| Assignment |
Reproduce all the lines below exactly and omit the images.

| Material provided |

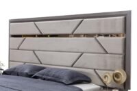 Модерен спален комплект с изчистен дизайн, мраморен ефект и златисти акценти. Включва гардероб, легло с тапицирана табла, скрин с огледало и две нощни шкафчета.
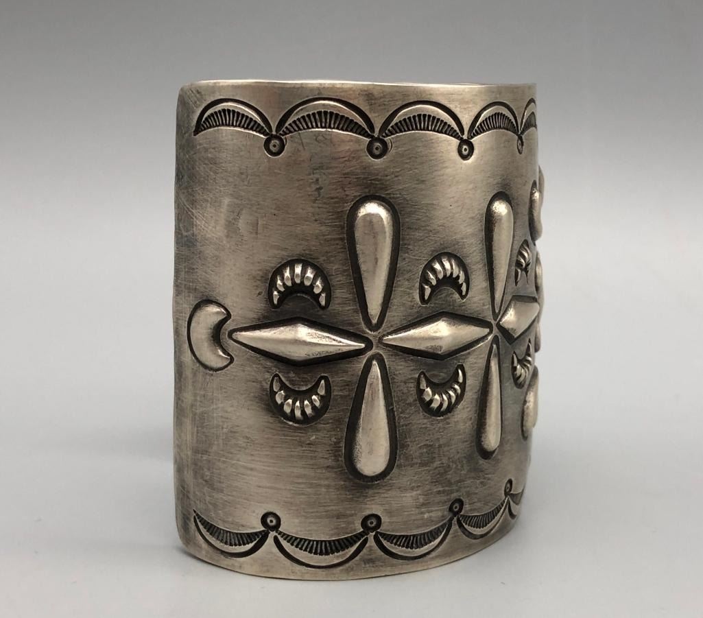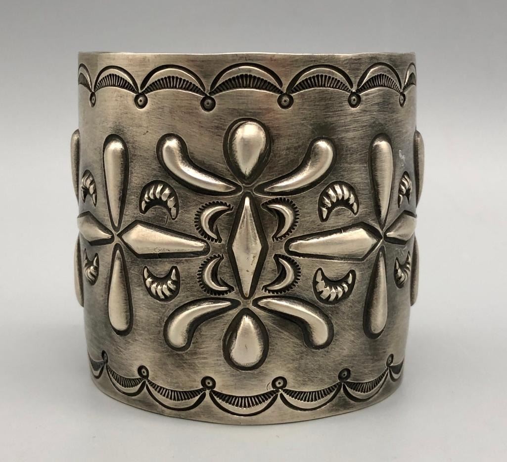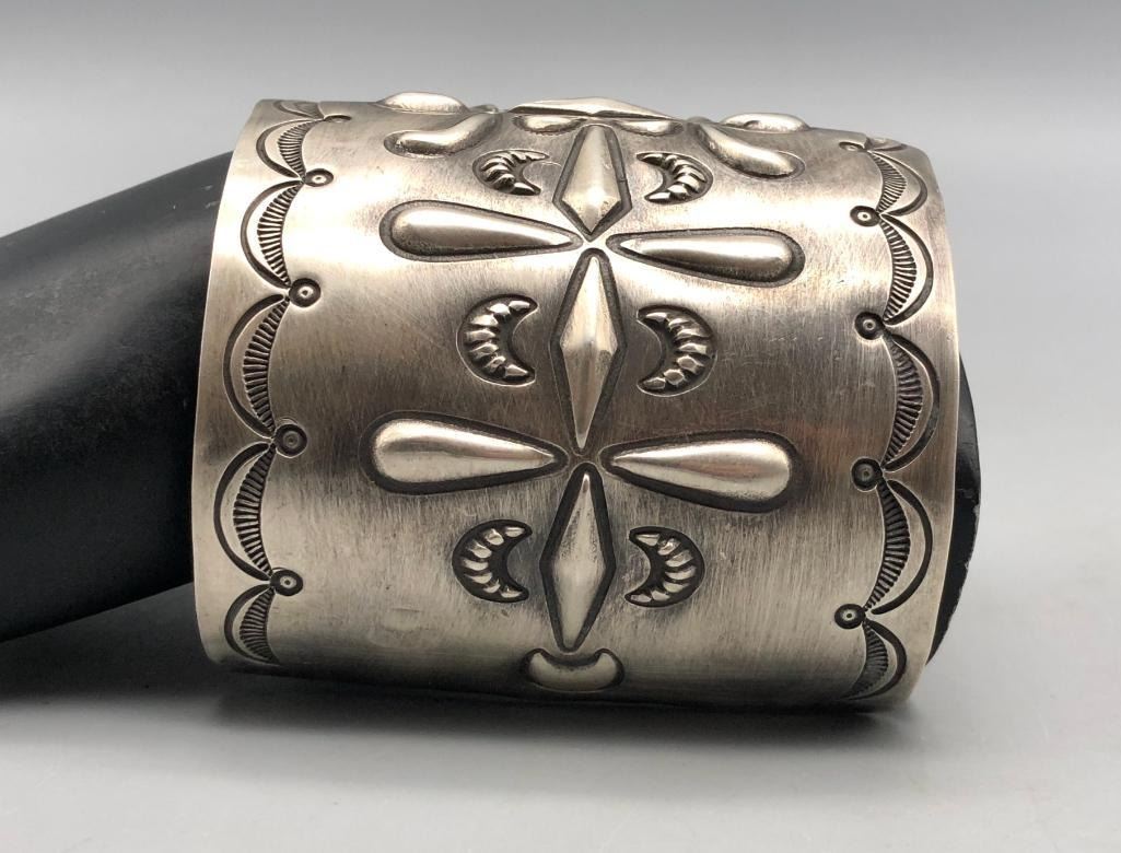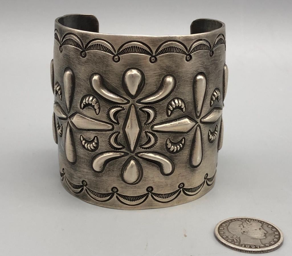 For sale in this lot is a large sterling silver bracelet with repousse work. This is a nice, wide cuff bracelet featuring lovely repousse "bump out" work. It is accented by hand stamped work on the edges. Repousse is an ancient art form dating back to the Phoenicians. It is stamped as sterling silver. MAKER: Hallmarked S/. Dean Sandoval Jr. (Navajo). APPROX AGE: Contemporary. SIZE: Inside circumference measures 6 inches long. Opening is an additional 1-5/8 inches, fitting a 7-5/8 inch wrist. Width is 2-5/8 inches. Weighs 132.1 grams. CONDITION: Good for its age, normal wear expected. Please look closely at the pictures as they are an important part of our description and are hereby incorporated into the description, specifically with regards to condition. SHIPPING: There will be a $5 handling / packaging fee for shipping this lot. The actual cost of postage will be added on top of that. BUY IT NOW: If you would like to buy this item now, without waiting for the auction day to bid on it, we do offer this option (which is available up to 48 hours before the actual auction starts). The “Buy it Now†price is the high estimate of this lot (plus applicable fees and the Buyer's premium is discounted to 10% when using the Buy it Now option). If you would like to exercise this option, you must contact us by email (or phone as long as you talk to someone live). Reference this lot number and your intention to "Buy it Now."
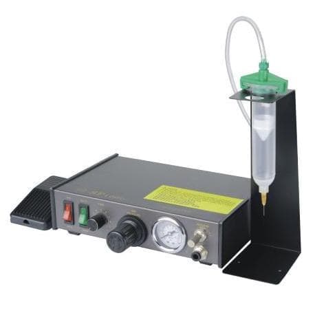 每踩一次脚踏开关,液料就会按照设定的出胶量自动从针尖孔滴出。
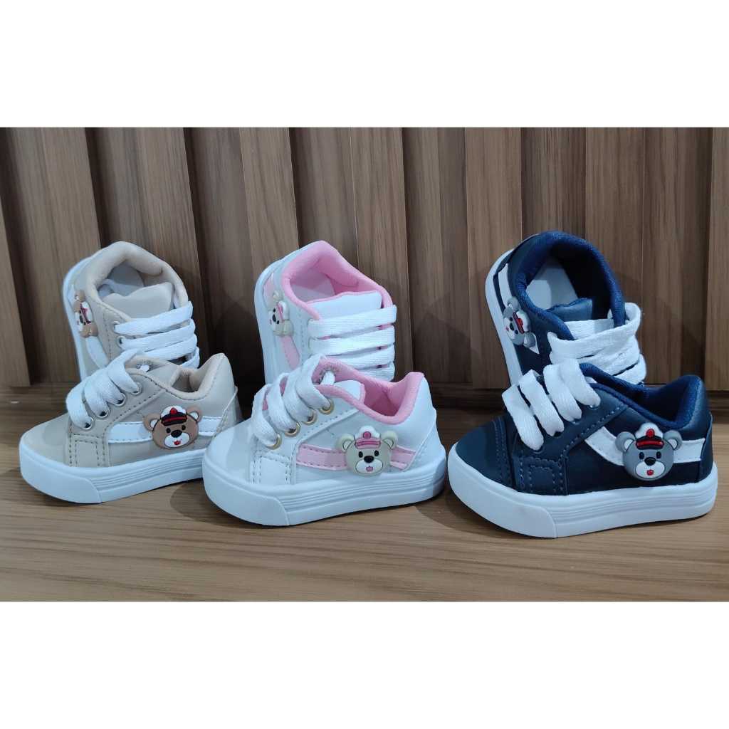 Tênis infantil de bebe bege azul ou rosa com detalhe branco enfeite urso marinheiro estiloso casual menino ou menina

| The answer |
 Модерен спален комплект с изчистен дизайн, мраморен ефект и златисти акценти. Включва гардероб, легло с тапицирана табла, скрин с огледало и две нощни шкафчета.
 For sale in this lot is a large sterling silver bracelet with repousse work. This is a nice, wide cuff bracelet featuring lovely repousse "bump out" work. It is accented by hand stamped work on the edges. Repousse is an ancient art form dating back to the Phoenicians. It is stamped as sterling silver. MAKER: Hallmarked S/. Dean Sandoval Jr. (Navajo). APPROX AGE: Contemporary. SIZE: Inside circumference measures 6 inches long. Opening is an additional 1-5/8 inches, fitting a 7-5/8 inch wrist. Width is 2-5/8 inches. Weighs 132.1 grams. CONDITION: Good for its age, normal wear expected. Please look closely at the pictures as they are an important part of our description and are hereby incorporated into the description, specifically with regards to condition. SHIPPING: There will be a $5 handling / packaging fee for shipping this lot. The actual cost of postage will be added on top of that. BUY IT NOW: If you would like to buy this item now, without waiting for the auction day to bid on it, we do offer this option (which is available up to 48 hours before the actual auction starts). The “Buy it Now†price is the high estimate of this lot (plus applicable fees and the Buyer's premium is discounted to 10% when using the Buy it Now option). If you would like to exercise this option, you must contact us by email (or phone as long as you talk to someone live). Reference this lot number and your intention to "Buy it Now."
 每踩一次脚踏开关,液料就会按照设定的出胶量自动从针尖孔滴出。
 Tênis infantil de bebe bege azul ou rosa com detalhe branco enfeite urso marinheiro estiloso casual menino ou menina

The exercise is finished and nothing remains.